It looks to me like the changes in the name generation algorithm in the alternate approach, #8532, are always better than the existing algorithm. @erenboz can you confirm if this is true?

Yeah @arjan-bal the alternative is indeed a bit better behavior, since there isn't an established benchmark criteria I didn't actively spent time on picking one over other. We can build on the alternative or if we have some additional criteria we want to meet we can also try to come up with another, anything works as long as generated names are bounded with number of locality.

easwars · 2025-09-05T06:03:54Z

It is to ensure the fallback timer is started when a new child balancer is created.

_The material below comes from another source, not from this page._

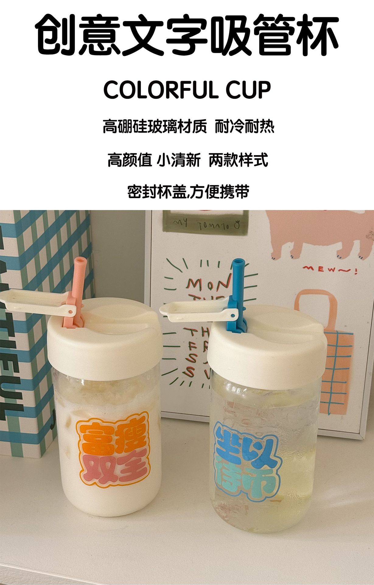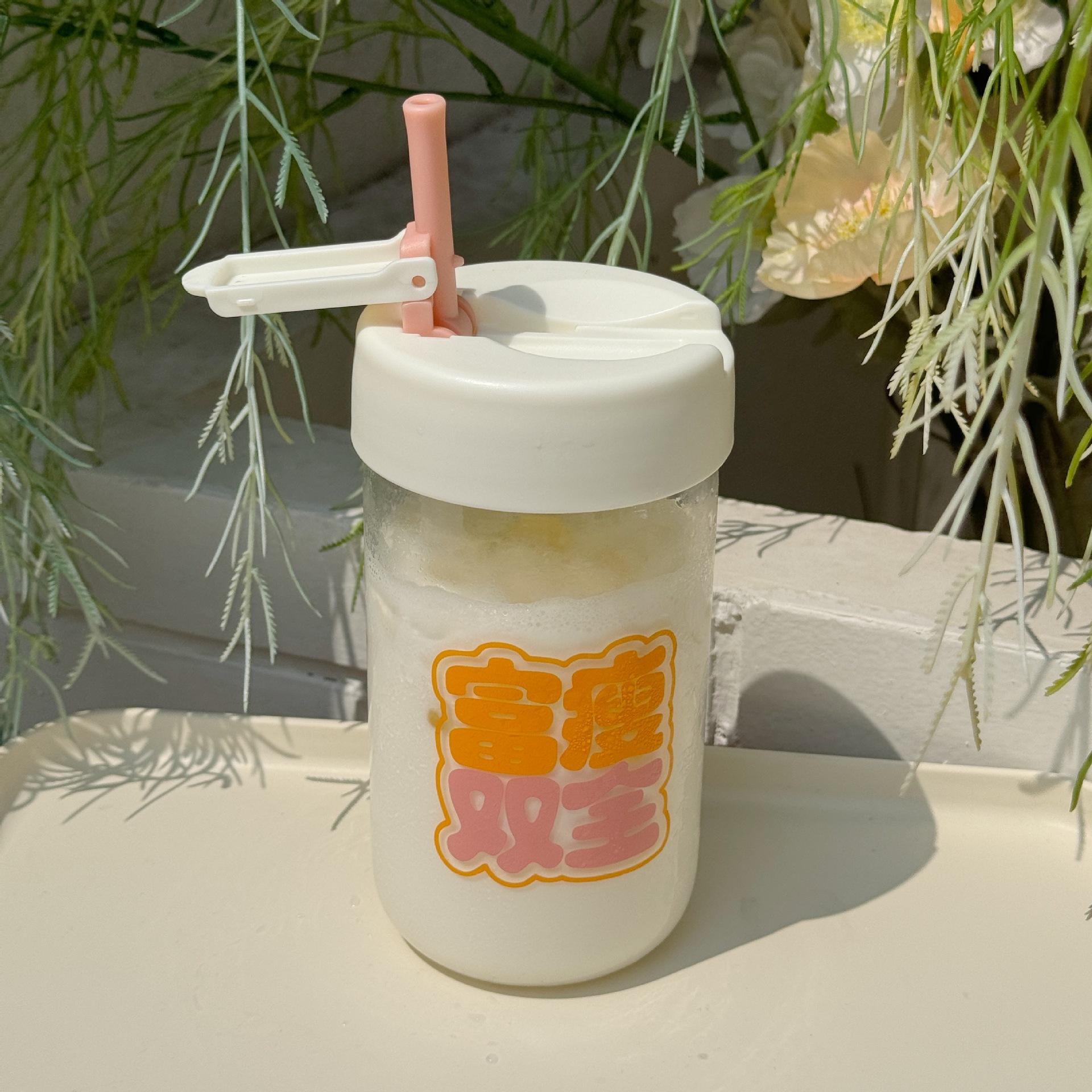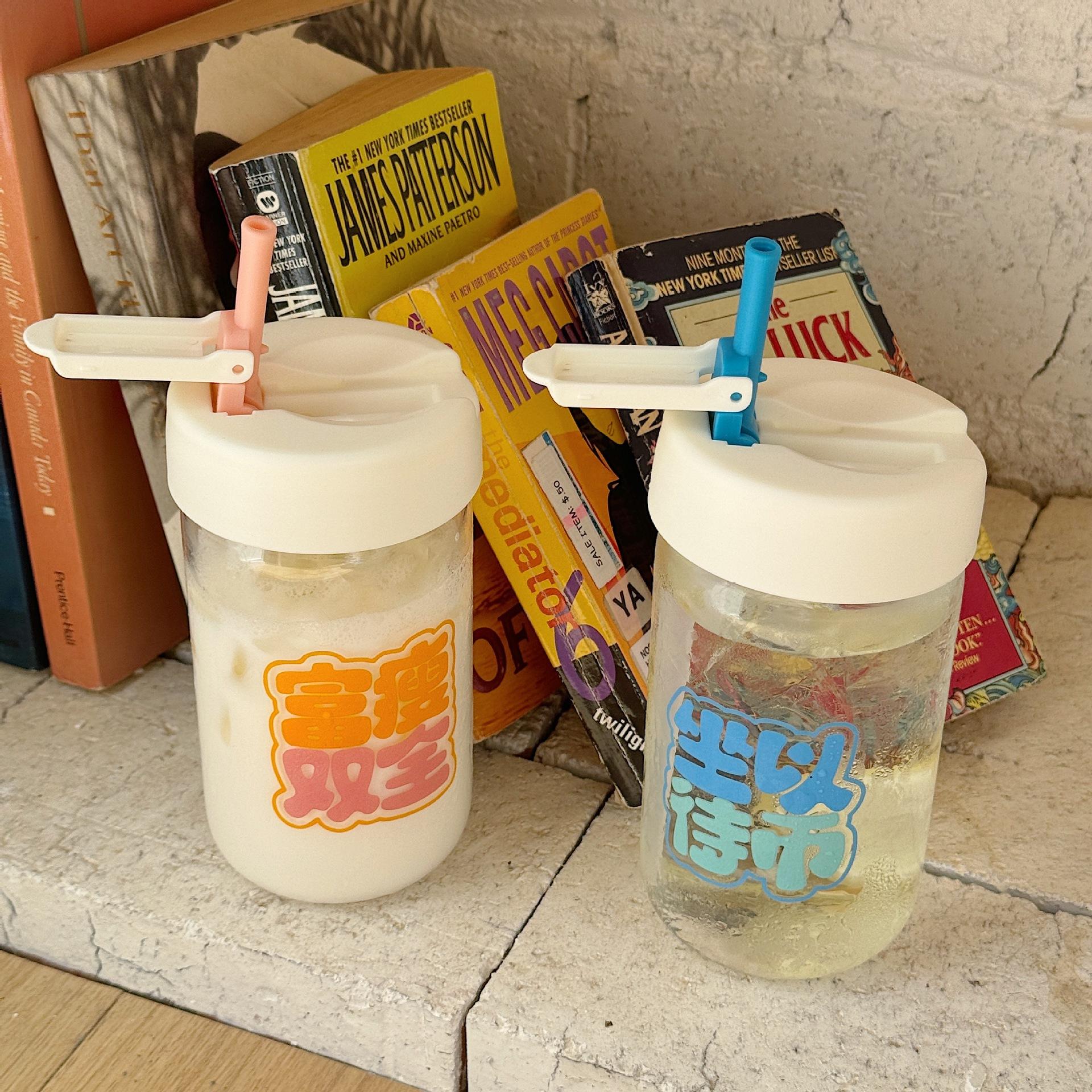 Nueva taza de agua portátil, taza de vidrio rojo de red, taza para estudiantes, linda taza de agua sellada a prueba de fugas, vidrio creativo

Incorrectly re-using a deactivated child balancer could result in the fallback timer not being restarted and an immediate fallback to a lower priority

I feel that we are handling that case explicitly here:

grpc-go/internal/xds/balancer/priority/balancer_priority.go

Line 177 in 5780703

    
           func (b *priorityBalancer) handleChildStateUpdate(childName string, s balancer.State) {

easwars · 2025-09-05T06:24:33Z

internal/xds/balancer/clusterresolver/configbuilder_childname_test.go

+			inputs: [][][]xdsresource.Locality{
+				{
+					{{ID: clients.Locality{Zone: "L0"}}, {ID: clients.Locality{Zone: "L1"}}},
+					{{ID: clients.Locality{Zone: "L2"}}},
+				},
+				{
+					{{ID: clients.Locality{Zone: "L0"}}},
+					{{ID: clients.Locality{Zone: "L1"}}}, // This gets a newly generated name, since "0-0" was already picked.
+					{{ID: clients.Locality{Zone: "L2"}}},
+				},
+			},
+			want: []string{"priority-0-0", "priority-0-1", "priority-0-2"},


At the end of the first input step, the generated names should be: []string{"priority-0-0", "priority-0-1"}.

When the next step happens, and we are processing the first priority in the list, we will reuse the name priority-0-0. When the process the next priority in the list, and see that L1 was present in the previous config, but its name is already used in the new config, we should ideally generate priority-0-2 for it, as priority-0-1 is already used in the previous config. So, the end output should be:
[]string{"priority-0-0", "priority-0-2", "priority-0-1"},

Am I missing something?

With the old algorithm yes, however in this PR I've just had different approach by generating names upon seeing a new locality, but alternative does it that way here. You could look into this case, old algo generates [priority-0-2 priority-0-3] for it, so when this pattern repeats over many updates we're constantly leaking priority-lbs.

So effort here is to have a new algorithm that does not generate unbounded number of names, yet there likely will be some trade-offs in new algorithm in a way merges in certain cases could be less than "ideal".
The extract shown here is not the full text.